Chiesa di S. GIORGIO: verso il 4 settembre di Montaperti, giusta segnalazione dello scandalo!

Lo scandalo San Giorgio, chiesa chiusa in Pantaneto per parte pericolante importante nella storia di Montaperti, all’esterno in condizioni penose perché con le colonne sono destinatarie degli ‘scarichi’ dei piccioni (contro cui Siena nulla di serio fa), è di nuovo all’onore della cronaca oggi sul “Corriere di Siena”. Oltre a Montaperti, vorremmo osservare che è proprio sulla FRANCIGENA che il Comune cura solo, invece, al SMS e in via dei Pellegrini…
Facciamo solo osservare che noi o il prof. Ascheri avevamo anche caricato le foto ormai molti mesi fa.
Ma sono priorità poco importanti: quella vera è: salvaguardare il patrimonio!
Ma leggiamo:

“Come è possibile che una chiesa storica come quella di San Giorgio in Pantaneto, a pochi metri da alcuni esercizi di ristorazione, venga completamente abbandonata a se stessa? E come è possibile che la facciata in marmo sia diventata in alcuni punti completamente di color marrone dovuta ad un indecente accumulo di escrementi di piccione che non vengono rimossi? E ancora, come è possibile che l’ingresso del tempio edificato nel Mille e rimodernato nel 1738 sia chiuso ormai da molte settimane e che nessuno rimuova il guano che si è sparso davanti alla porta, oltre le chiazze di orina lasciate maleducatamente nelle notti brave di qualche avvinazzato?

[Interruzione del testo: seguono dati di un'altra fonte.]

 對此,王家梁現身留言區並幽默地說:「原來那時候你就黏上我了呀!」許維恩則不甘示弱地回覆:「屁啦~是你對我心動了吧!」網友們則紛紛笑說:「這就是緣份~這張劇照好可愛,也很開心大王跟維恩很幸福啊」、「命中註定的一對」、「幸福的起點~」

Non è più solo una questione di decoro, ma anche e soprattutto di sicurezza. Il Corriere di Siena aveva lanciato il primo allarme nel gennaio scorso, facendo seguito ad alcune segnalazioni di residenti fortemente preoccupati qualche mese fa, ma niente.

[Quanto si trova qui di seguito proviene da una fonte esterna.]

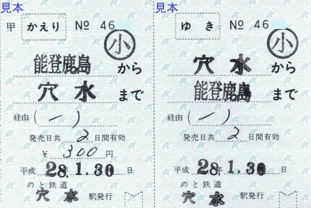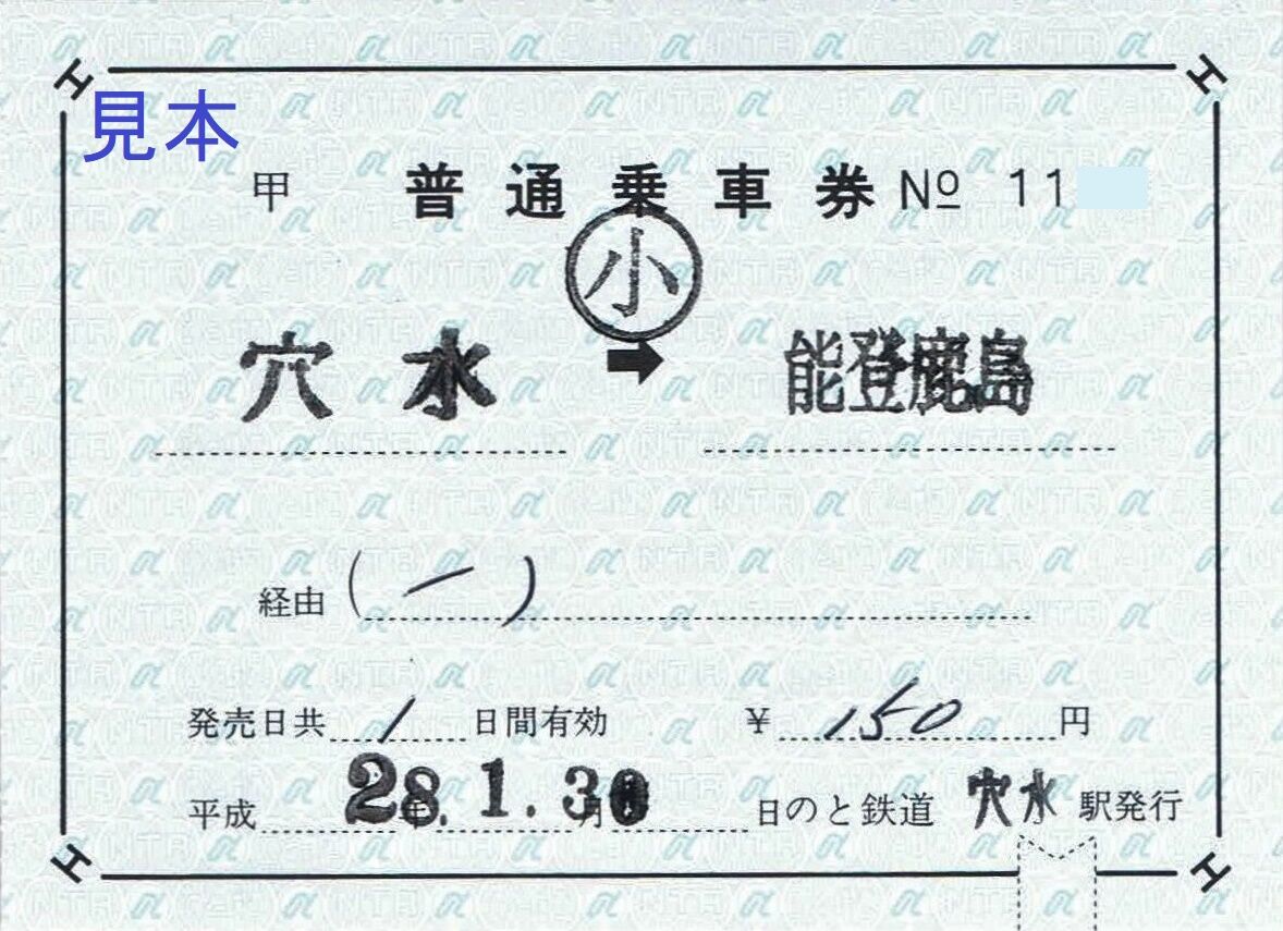 《穴水駅発行 補充乗車券(平成28年1月30日収集)》

La questione riguarda direttamente l’Arcivescovado di Siena (ma a questo punto anche l’Usl) a cui spetta il compito della manutenzione e della pulizia per evitare il rischio di contaminazione. Il problema non può essere sottovalutato perchè visto l’enorme accumulo di escrementi si fa sempre più concreta la possibilità di trasmissione di agenti infestanti. La questione è delicata dal momento che, come abbiamo evidenziato, nei dintorni della chiesa ci sono diversi punti di ristorazione che potrebbero subirne le conseguenze. Di fatto, gli agenti patogeni restano infettanti anche nelle feci essiccate ed a seguito dell’essiccamento possono disperdersi nel pulviscolo atmosferico. Una minaccia per la salute su soggetti che in modo permanente o temporaneo presentano stati di immunodepressione o per le fasce di età più deboli e maggiormente soggette alle malattie infettive. Senza creare allarmismi, perchè contrarre patologie non è facile, sarebbe il caso di prendere provvedimenti e precauzioni vista la realtà di degrado presente. E non si può certo sottovalutare una situazione del genere che può favorire quei batteri responsabili della salmonella, della escherichia coli, oppure della psittacosi. C’è poi da valutare i danni economici e in questo caso quelli dovuti alla lenta, ma inevitabile corrosione del marmo. Una chiesa lasciata a se stessa, in balia oltre che dei piccioni, anche dell’incuria.
Una parte del tetto, infatti, ha ceduto e c’è il pericolo di un crollo interno compromettendo il policromo monumento funebre al pittore Francesco Vanni, oltre ai dipinti di Raffaello Vanni e Francesco Vanni.